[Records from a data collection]
'''
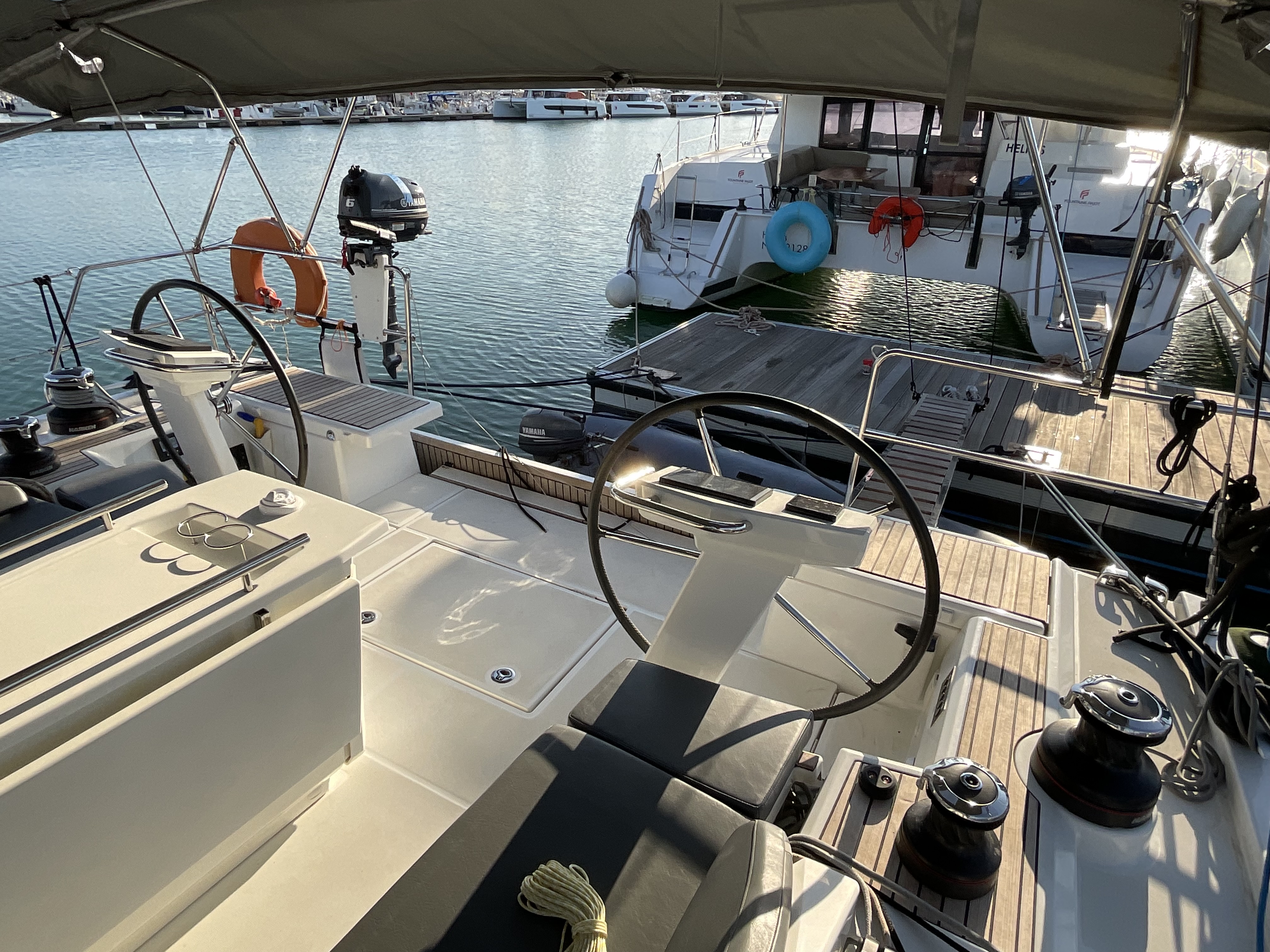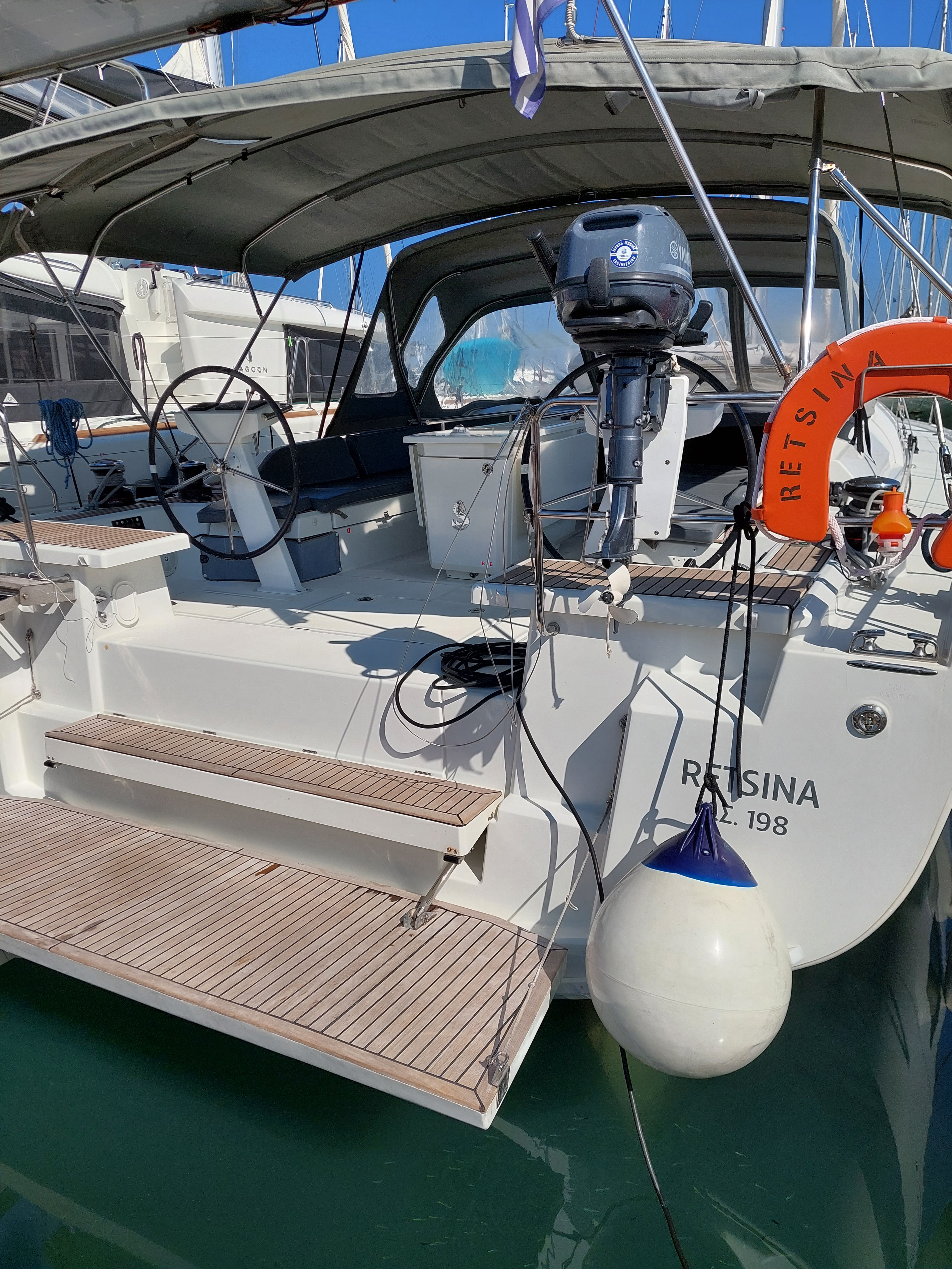 | Outside | Badeplattform, Biminitop, Cockpitdusche, Cockpitlautsprecher, Cockpitpolster, elektr. Winsch, Schnorchelausrüstung, Solaranlage |
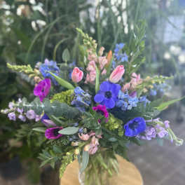 Price: $64.00Spring Wrapped Designer's Choice Flower Bouquet (no vase)
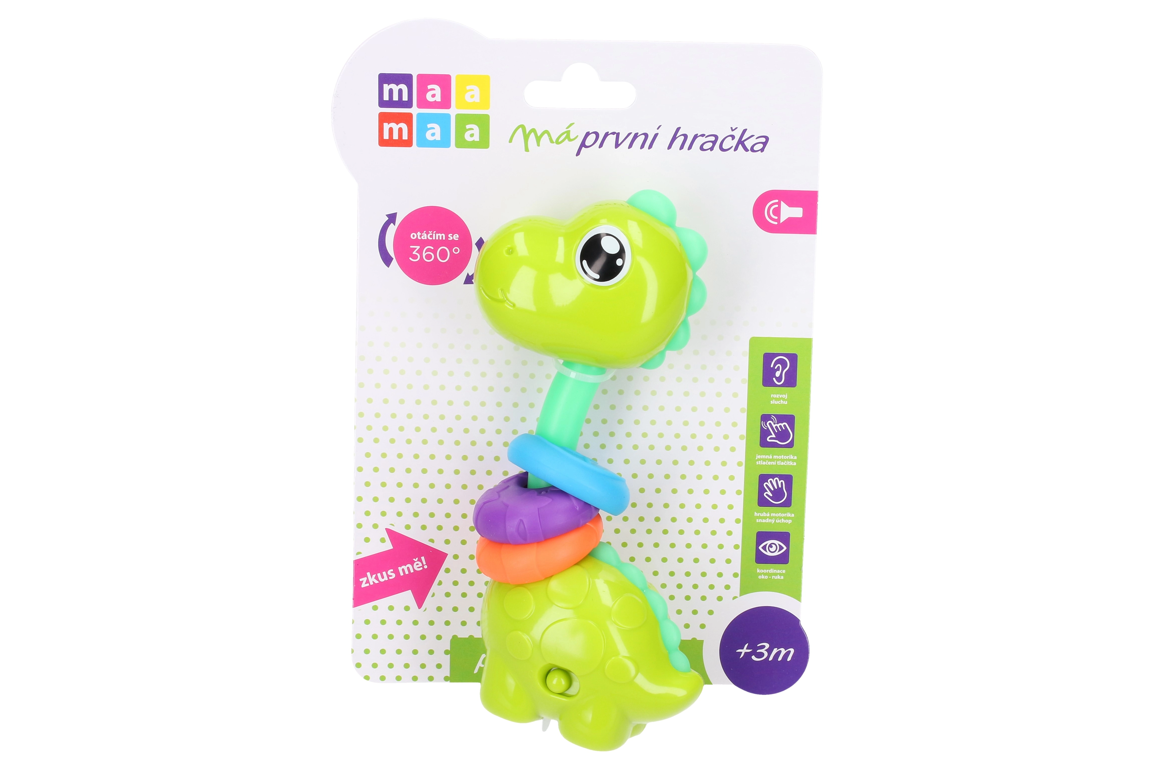 Maamaa Dino s efekty je perfektní hračka, která zaujme světelnými a zvukovými efekty, aktivovanými stlačením hlavy dolů.
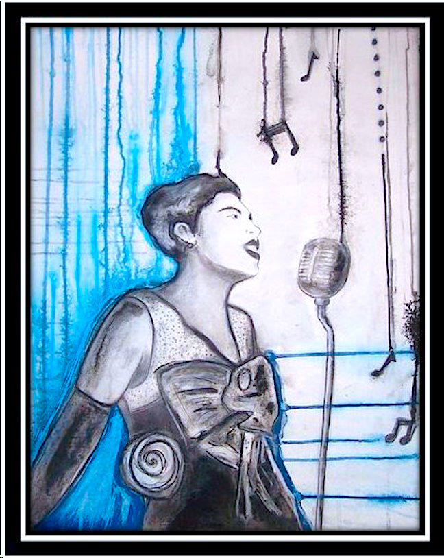 "Billie Holiday" Acrylic, Pastel, Ink, 22x28" (Sold)
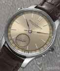 This new, white gold version of the Benu Date is styled to appear like a glittering, impeccably cared for, antique masterpiece. The deep champagne hues of the two-tone lacquered dial give this piece masculine elegance. On this background, the brown-violet hands and brown date numerals, minute scale, and the seconds subdial look as if they have sat there for years. The entire display is tone-on-tone except for the bright white-gold hour markers which pop to form an elegant contrast that echoes the case.
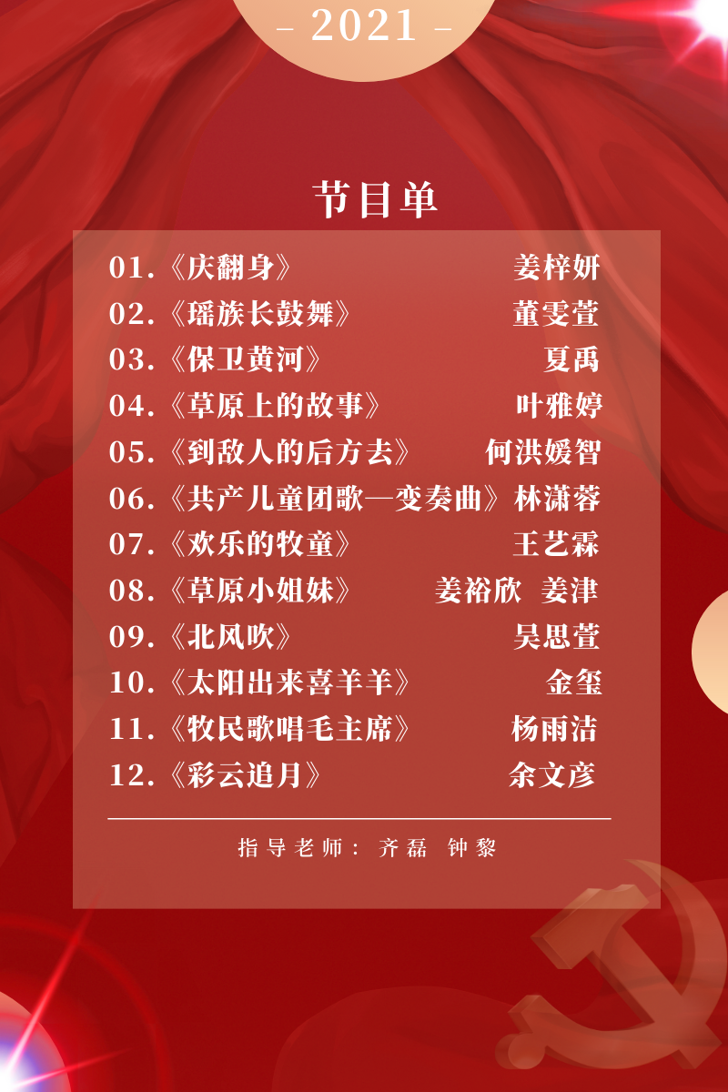 时光悄悄流淌,美妙的音符在指尖跳跃。红色情怀的渲染与民歌旋律的浸润,她们用荡气回肠、深入人心的琴声表达对中国共产党成立100周年的美好祝愿。
'''
AIM OF THE EXERCISE: A verbatim transcription of the records, pictures excluded, is the required output.

ANSWER FOR THE TASK:
 | Outside | Badeplattform, Biminitop, Cockpitdusche, Cockpitlautsprecher, Cockpitpolster, elektr. Winsch, Schnorchelausrüstung, Solaranlage |
 Price: $64.00Spring Wrapped Designer's Choice Flower Bouquet (no vase)
 Maamaa Dino s efekty je perfektní hračka, která zaujme světelnými a zvukovými efekty, aktivovanými stlačením hlavy dolů.
 "Billie Holiday" Acrylic, Pastel, Ink, 22x28" (Sold)
 This new, white gold version of the Benu Date is styled to appear like a glittering, impeccably cared for, antique masterpiece. The deep champagne hues of the two-tone lacquered dial give this piece masculine elegance. On this background, the brown-violet hands and brown date numerals, minute scale, and the seconds subdial look as if they have sat there for years. The entire display is tone-on-tone except for the bright white-gold hour markers which pop to form an elegant contrast that echoes the case.
 时光悄悄流淌,美妙的音符在指尖跳跃。红色情怀的渲染与民歌旋律的浸润,她们用荡气回肠、深入人心的琴声表达对中国共产党成立100周年的美好祝愿。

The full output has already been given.